**Exercise requirements:**
Would you please reproduce all the entries exactly, leaving the pictures out?

Collected data
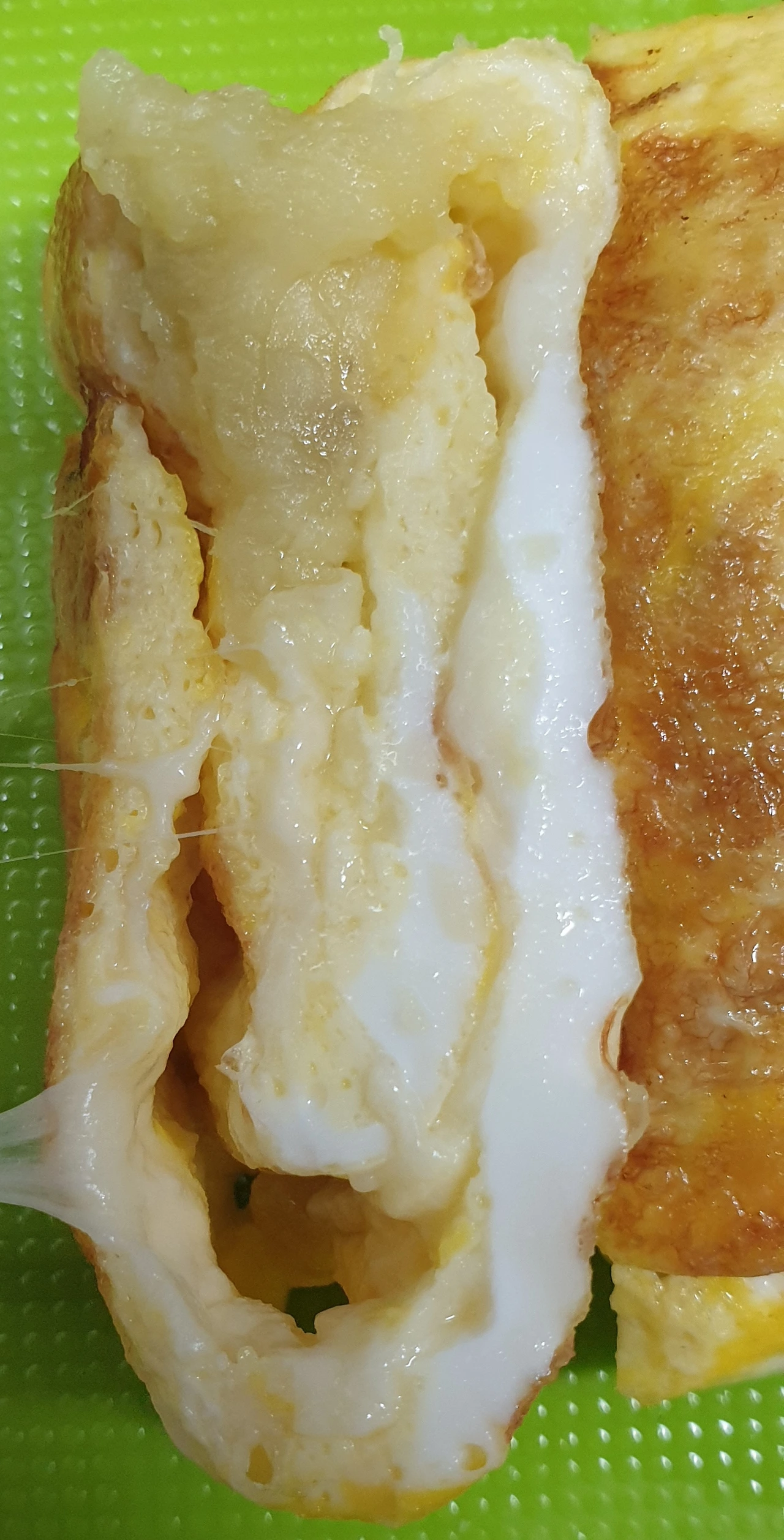 가까스로 뒤집은 고구마 치즈 계란말이. 모짜렐라 치즈 파편과 고구마 파편들. 조리 후기
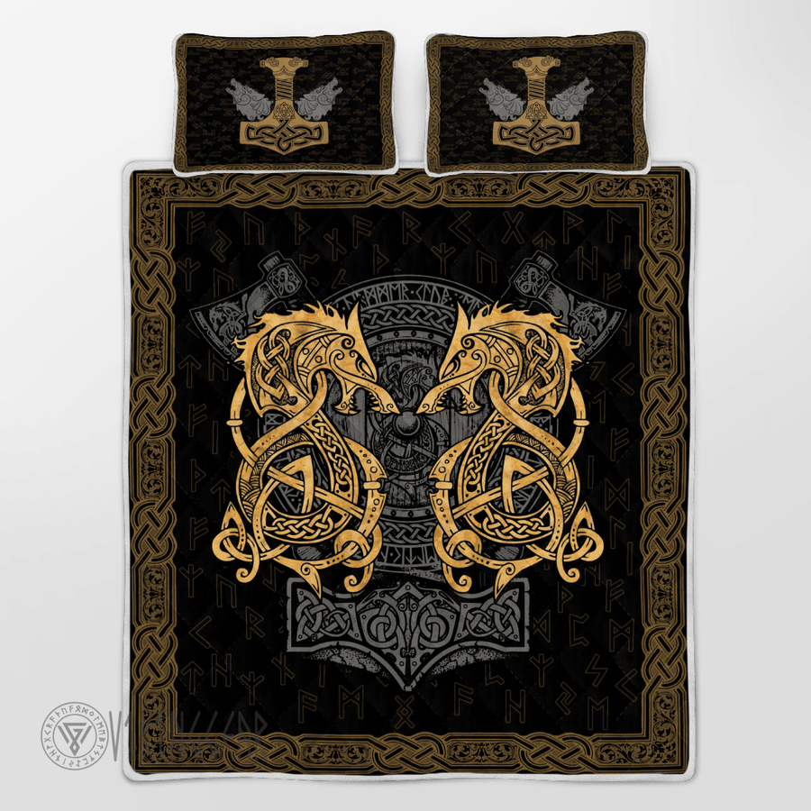 With its design inspired by Norse mythology, our Fenrir Wolf And Hammer Viking quilt set captures the essence of the Viking spirit. Introduce this piece into your space and confidently display your style.
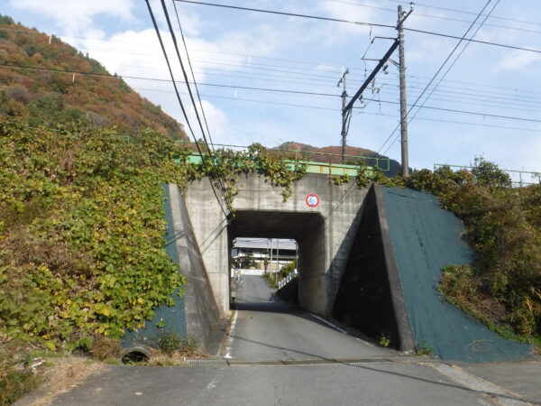 午後1時10分、富士急バス「吉久保入口」バス停に到着。左折し、JR中央本線吉久保ガードをくぐる。
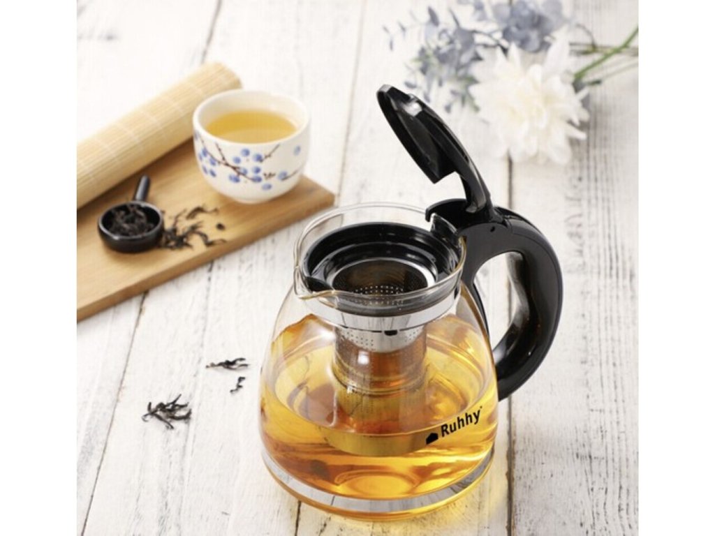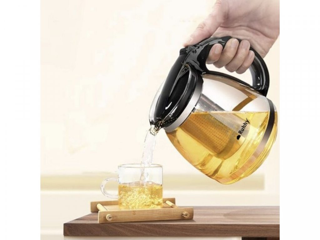 Konvica na čaj so sitkom 2 l je praktickým vychytávkou pre každého, kto ocení domáce varenie dobrého aromatického čaju. Navyše má kanvica dvojité dno, ktoré dlhšie udržiava teplotu! Skvele sa hodí aj do studených nápojov v lete. Kapacita kanvice je až 2 litre. V nádobe tejto kapacity ľahko pripravíte dostatok čaju pre celú rodinu alebo hostí. Varením čaju v hrnci RUHHY si môžete byť istí najvyššou kvalitou chuti a vône podávaného nálevu. Vnútri je oceľový nálev s jemnými očkami, ktorý bráni bylinkám dostať sa do nálevu . Nasypte čaj alebo bylinky do oceľového sitka a vychutnajte si čistý a priehľadný horúci nápoj. Vďaka neohrievajúcemu madlu môžete kanvicu bezpečne prenášať bez obáv, že si popálite ruky. Navyše sa viečko tiež neohrieva! kanvica vyrobená zo skla neabsorbuje farbivá ani vône. Navyše je odolná voči vysokým teplotám a poškodeniu spôsobenému každodenným používaním. Kanvica RUHHY zabezpečí, že vám bude slúžiť po mnoho rokov.
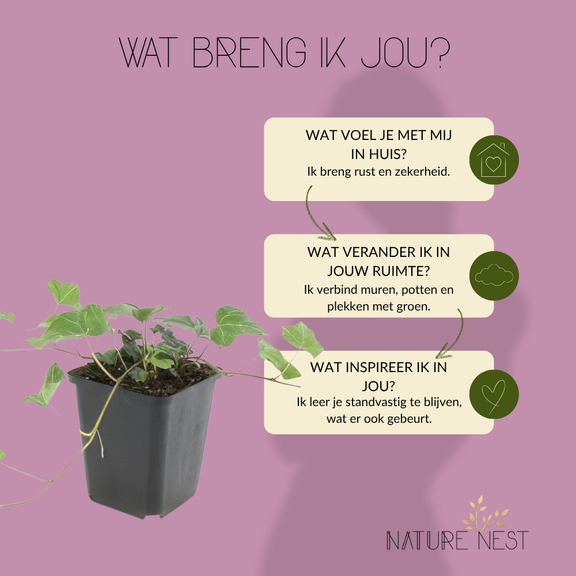 De Klimop 'Glacier' – Ik ben een winterharde klimplant met een frisse uitstraling dankzij mijn unieke bladkleur. Ik groei stevig en robuust, en ben dol op schaduwrijke plekjes waar ik mijn groene magie kan verspreiden. Met mijn dichte tapijt help ik erosie voorkomen en houd ik de bodem lekker koel. Samen met mijn 11 vrienden in deze set zorgen we voor een prachtig, natuurlijk geheel dat jouw tuin karakter geeft.
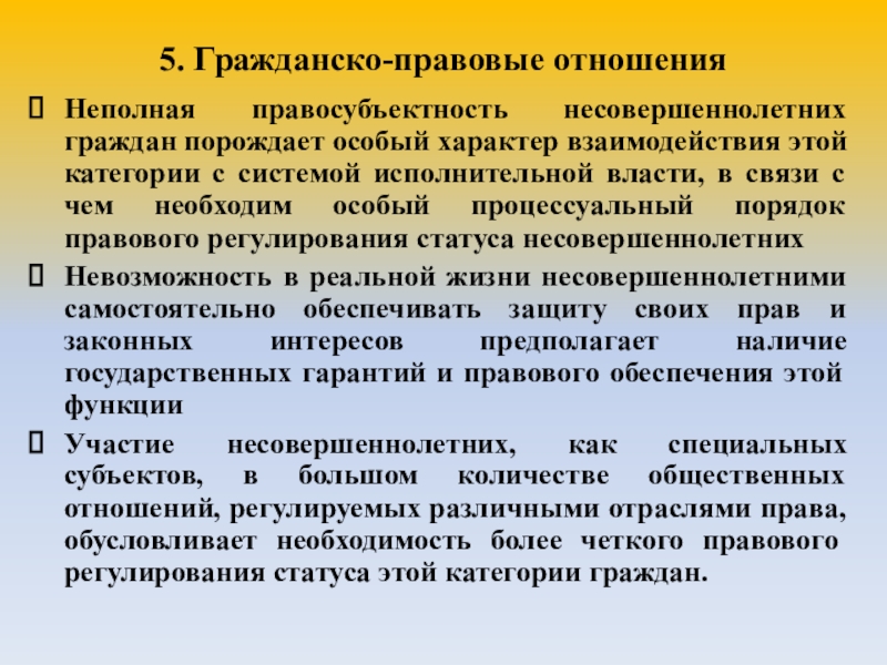 Неполная правосубъектность несовершеннолетних граждан порождает особый характер взаимодействия этой
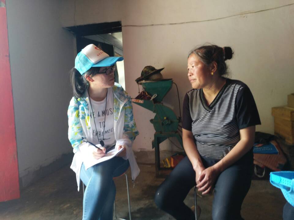 早上八点,调查的队伍开始了今天的调查工作。通过前期调研了解到,该地有悠久的养蜂历史,大部分村民家中都养有不同规模的蜜蜂。而产出的土蜂蜜依托山上广泛多样的蜜源,具有很高的营养价值而被人们喜爱。但由于山中气候变化快,进出交通不便、中蜂烂子病未得根治,蜂农存在养蜂技术不成熟、销售路径窄、蜂蜜质量不稳定等问题,最终。通过本次挨家挨户与蜂农交谈,一方面再次回访了解中蜂烂子病的发病情况,并提供相应的科学的预防措施,另一方面,了解蜂农对于外销方式的意愿,以期稳定销路,提高家庭收入。
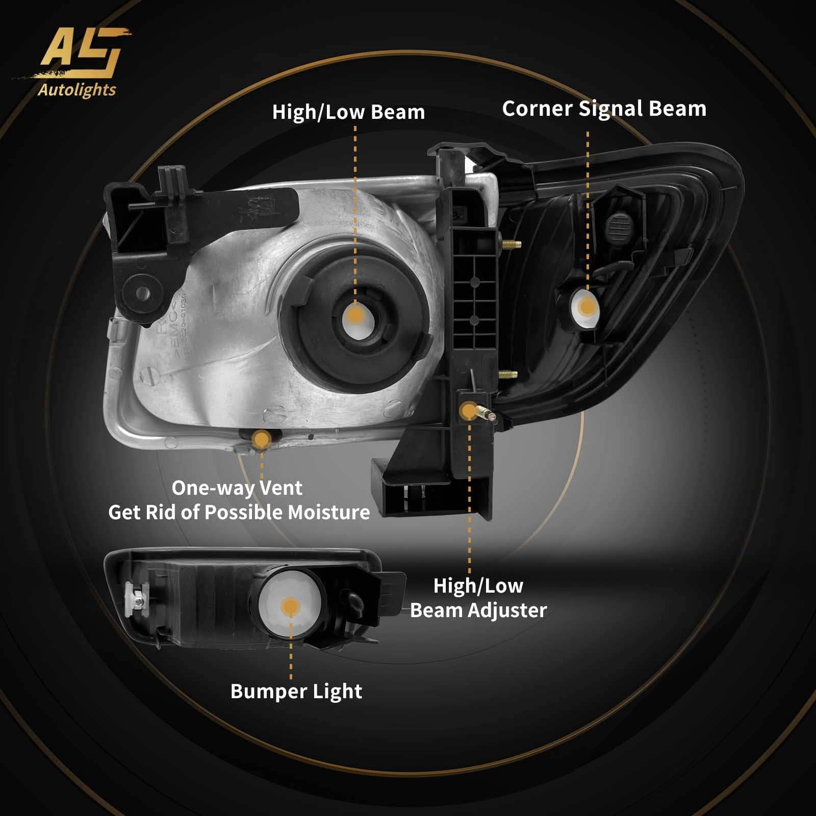 1. Conjunto de faros de repuesto de ajuste OEM directo para Tacoma 2001 2002 2003 2004. Bombillas no incluidas.
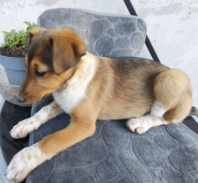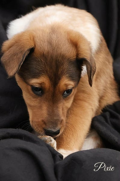 Pixie ist eins der sieben Welpen, die Weihnachten 2025 in einem verlassenen Haus zur Welt kamen. Ihre Mutter Lisa (Jack Russell Mix) war wahrscheinlich hochträchtig ausgesetzt worden und hatte in der Ruine Schutz gesucht.
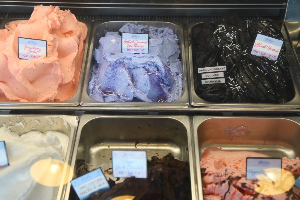 ’s Middags naar het stadje Byron Bay. Vroeger een hippiedorpje, nu het gros standaard commercieel winkelstraat-werk. Nog niet geketend aan de ketens, zoals in Nederland, en nog steeds zie je veel organische en esoterische winkeltjes, aboriginal souvenirs als boemerangs, clap stick en didgeridoo, en surf- en bikinizaken. Ja, en er loopt ook veel jeugd in bikini of blote bast rond. ‘No shirt, no shoes, no service’ geldt hier niet. En veel fatbikes en stepjes hier die tussen de voetgangers door crossen (er zijn hier nauwelijks fietspaden in Australië).
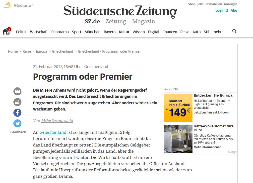 υτή την ψευδαίσθηση δεν πρέπει να έχει κανείς στο Βερολίνο» υπογραμμίζει το σχετικό δημοσίευμα που έχει τίτλο «Τήρηση του προγράμματος ή νέος πρωθυπουργός».
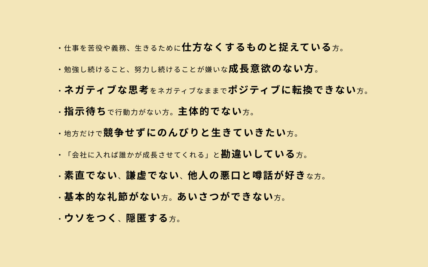 組織や世の中に対して良いと思うことを常に考えよう。
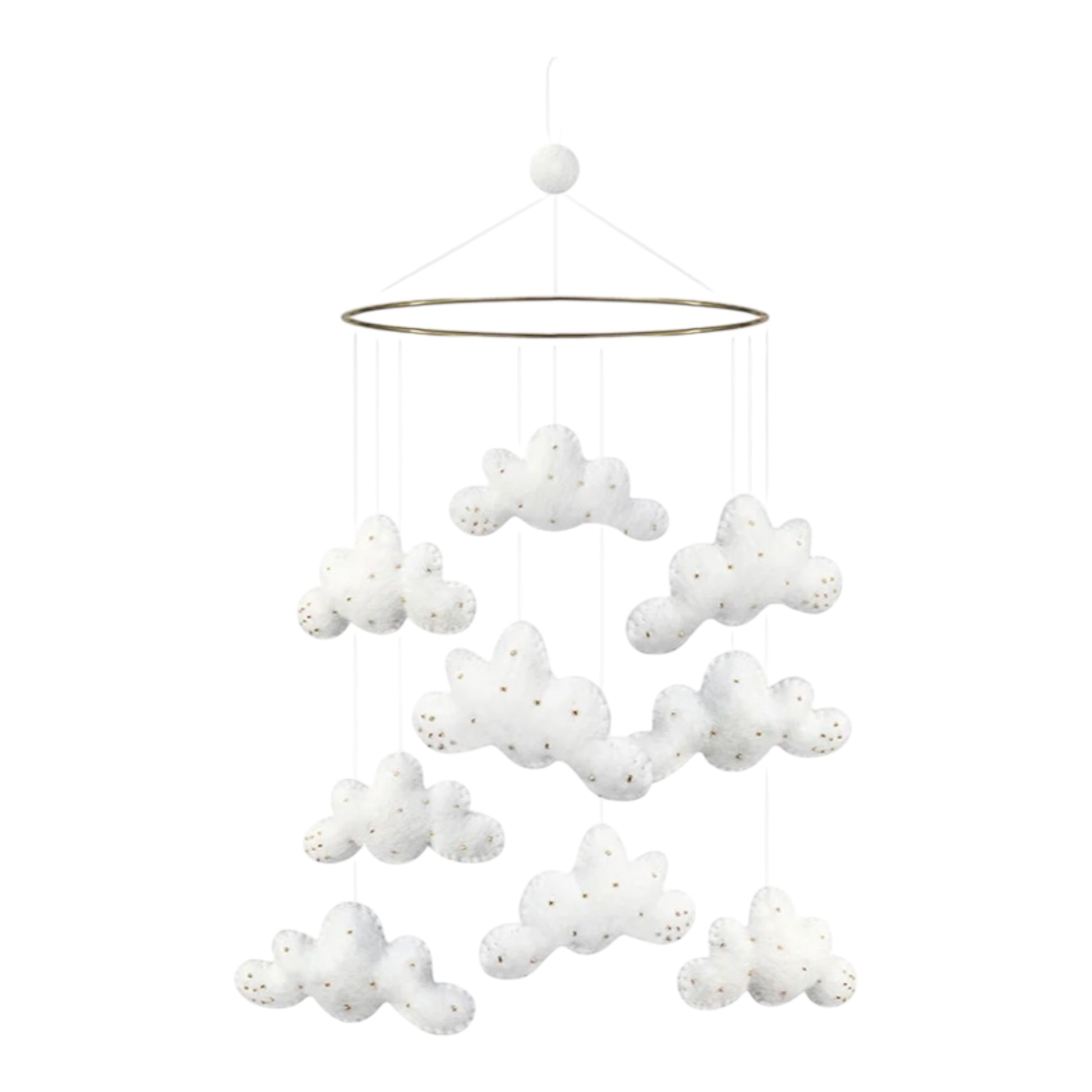Das Mobile Wolken von Gamcha ist ein wunderschönes Kunstwerk für das Kinderzimmer. Es besteht aus neun weißen Wolken mit goldenen Perlen und einem goldenen Ring. Es passt perfekt in jedes Kinderzimmer und ist eine einzigartige Geschenkidee für Babyshowers, Geburtstage oder als Geschenk zur Schwangerschaft. Jedes Produkt ist handgefertigt und besteht aus hochwertiger neuseeländischer Wolle und recyceltem Polyester. Maße: Durchmesser 20 cm, Höhe 52 cm.
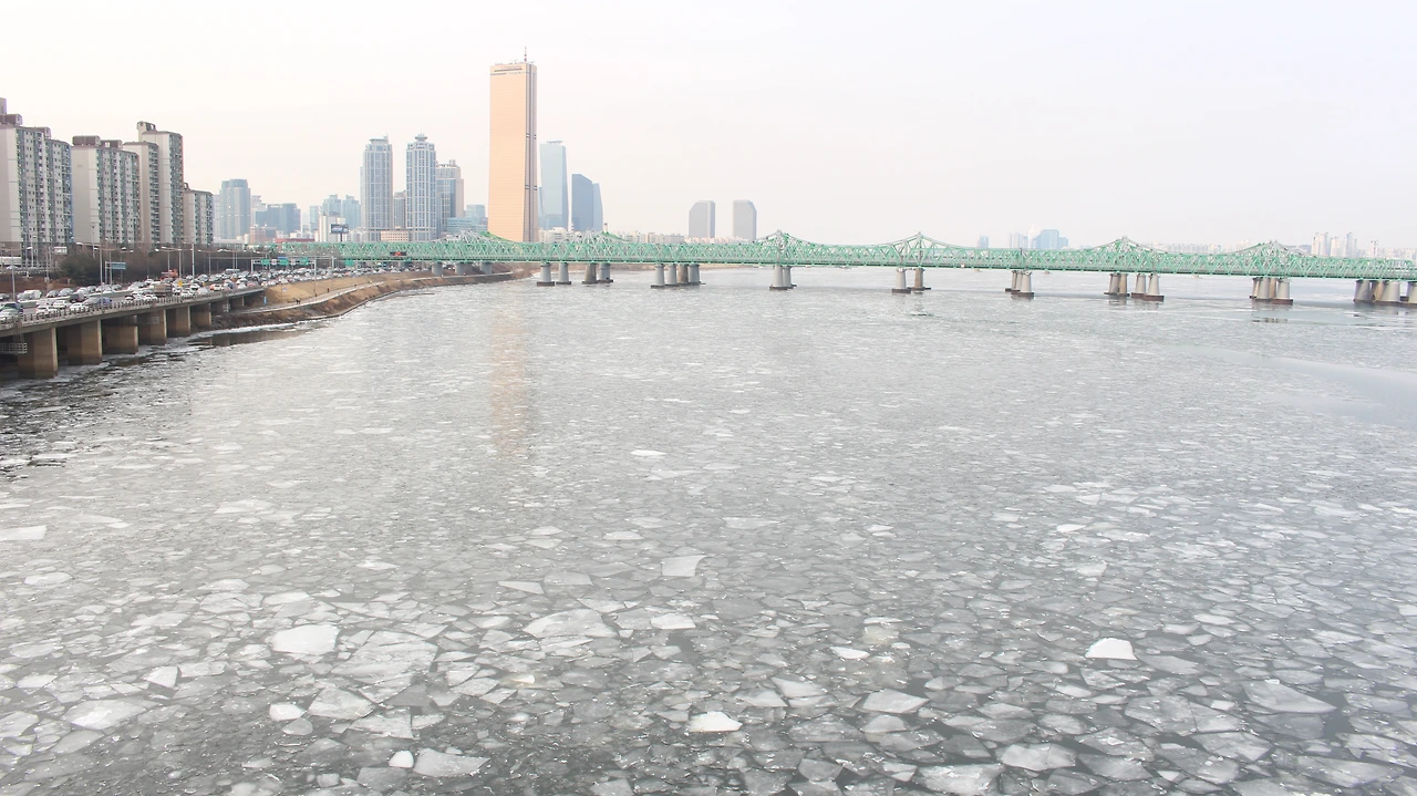 20160130 한강물이 얼었던 날. 요즘은 너무 더워서 얼음 얼었던 한강이 그립다.
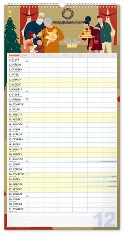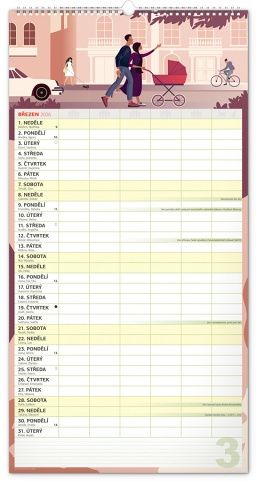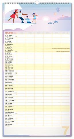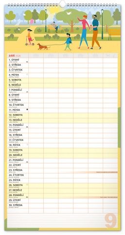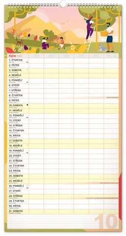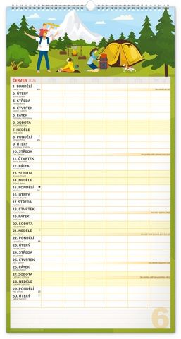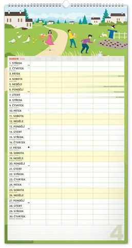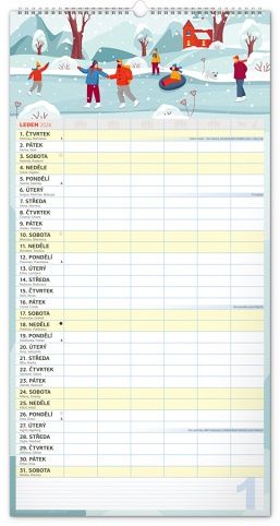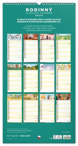 Velký formát kalendáře pro celou rodinu. České kalendárium a samostatný plánovač aktivit až pro šest členů domácnosti doplňují veselé grafické motivy pro každé roční období. Díky dostatečnému prostoru pro poznámky vám neuteče žádná důležitá událost.

**Written reply:**
 가까스로 뒤집은 고구마 치즈 계란말이. 모짜렐라 치즈 파편과 고구마 파편들. 조리 후기
 With its design inspired by Norse mythology, our Fenrir Wolf And Hammer Viking quilt set captures the essence of the Viking spirit. Introduce this piece into your space and confidently display your style.
 午後1時10分、富士急バス「吉久保入口」バス停に到着。左折し、JR中央本線吉久保ガードをくぐる。
 Konvica na čaj so sitkom 2 l je praktickým vychytávkou pre každého, kto ocení domáce varenie dobrého aromatického čaju. Navyše má kanvica dvojité dno, ktoré dlhšie udržiava teplotu! Skvele sa hodí aj do studených nápojov v lete. Kapacita kanvice je až 2 litre. V nádobe tejto kapacity ľahko pripravíte dostatok čaju pre celú rodinu alebo hostí. Varením čaju v hrnci RUHHY si môžete byť istí najvyššou kvalitou chuti a vône podávaného nálevu. Vnútri je oceľový nálev s jemnými očkami, ktorý bráni bylinkám dostať sa do nálevu . Nasypte čaj alebo bylinky do oceľového sitka a vychutnajte si čistý a priehľadný horúci nápoj. Vďaka neohrievajúcemu madlu môžete kanvicu bezpečne prenášať bez obáv, že si popálite ruky. Navyše sa viečko tiež neohrieva! kanvica vyrobená zo skla neabsorbuje farbivá ani vône. Navyše je odolná voči vysokým teplotám a poškodeniu spôsobenému každodenným používaním. Kanvica RUHHY zabezpečí, že vám bude slúžiť po mnoho rokov.
 De Klimop 'Glacier' – Ik ben een winterharde klimplant met een frisse uitstraling dankzij mijn unieke bladkleur. Ik groei stevig en robuust, en ben dol op schaduwrijke plekjes waar ik mijn groene magie kan verspreiden. Met mijn dichte tapijt help ik erosie voorkomen en houd ik de bodem lekker koel. Samen met mijn 11 vrienden in deze set zorgen we voor een prachtig, natuurlijk geheel dat jouw tuin karakter geeft.
 Неполная правосубъектность несовершеннолетних граждан порождает особый характер взаимодействия этой
 早上八点,调查的队伍开始了今天的调查工作。通过前期调研了解到,该地有悠久的养蜂历史,大部分村民家中都养有不同规模的蜜蜂。而产出的土蜂蜜依托山上广泛多样的蜜源,具有很高的营养价值而被人们喜爱。但由于山中气候变化快,进出交通不便、中蜂烂子病未得根治,蜂农存在养蜂技术不成熟、销售路径窄、蜂蜜质量不稳定等问题,最终。通过本次挨家挨户与蜂农交谈,一方面再次回访了解中蜂烂子病的发病情况,并提供相应的科学的预防措施,另一方面,了解蜂农对于外销方式的意愿,以期稳定销路,提高家庭收入。
 1. Conjunto de faros de repuesto de ajuste OEM directo para Tacoma 2001 2002 2003 2004. Bombillas no incluidas.
 Pixie ist eins der sieben Welpen, die Weihnachten 2025 in einem verlassenen Haus zur Welt kamen. Ihre Mutter Lisa (Jack Russell Mix) war wahrscheinlich hochträchtig ausgesetzt worden und hatte in der Ruine Schutz gesucht.
 ’s Middags naar het stadje Byron Bay. Vroeger een hippiedorpje, nu het gros standaard commercieel winkelstraat-werk. Nog niet geketend aan de ketens, zoals in Nederland, en nog steeds zie je veel organische en esoterische winkeltjes, aboriginal souvenirs als boemerangs, clap stick en didgeridoo, en surf- en bikinizaken. Ja, en er loopt ook veel jeugd in bikini of blote bast rond. ‘No shirt, no shoes, no service’ geldt hier niet. En veel fatbikes en stepjes hier die tussen de voetgangers door crossen (er zijn hier nauwelijks fietspaden in Australië).
 υτή την ψευδαίσθηση δεν πρέπει να έχει κανείς στο Βερολίνο» υπογραμμίζει το σχετικό δημοσίευμα που έχει τίτλο «Τήρηση του προγράμματος ή νέος πρωθυπουργός».
 組織や世の中に対して良いと思うことを常に考えよう。
Das Mobile Wolken von Gamcha ist ein wunderschönes Kunstwerk für das Kinderzimmer. Es besteht aus neun weißen Wolken mit goldenen Perlen und einem goldenen Ring. Es passt perfekt in jedes Kinderzimmer und ist eine einzigartige Geschenkidee für Babyshowers, Geburtstage oder als Geschenk zur Schwangerschaft. Jedes Produkt ist handgefertigt und besteht aus hochwertiger neuseeländischer Wolle und recyceltem Polyester. Maße: Durchmesser 20 cm, Höhe 52 cm.
 20160130 한강물이 얼었던 날. 요즘은 너무 더워서 얼음 얼었던 한강이 그립다.
 Velký formát kalendáře pro celou rodinu. České kalendárium a samostatný plánovač aktivit až pro šest členů domácnosti doplňují veselé grafické motivy pro každé roční období. Díky dostatečnému prostoru pro poznámky vám neuteče žádná důležitá událost.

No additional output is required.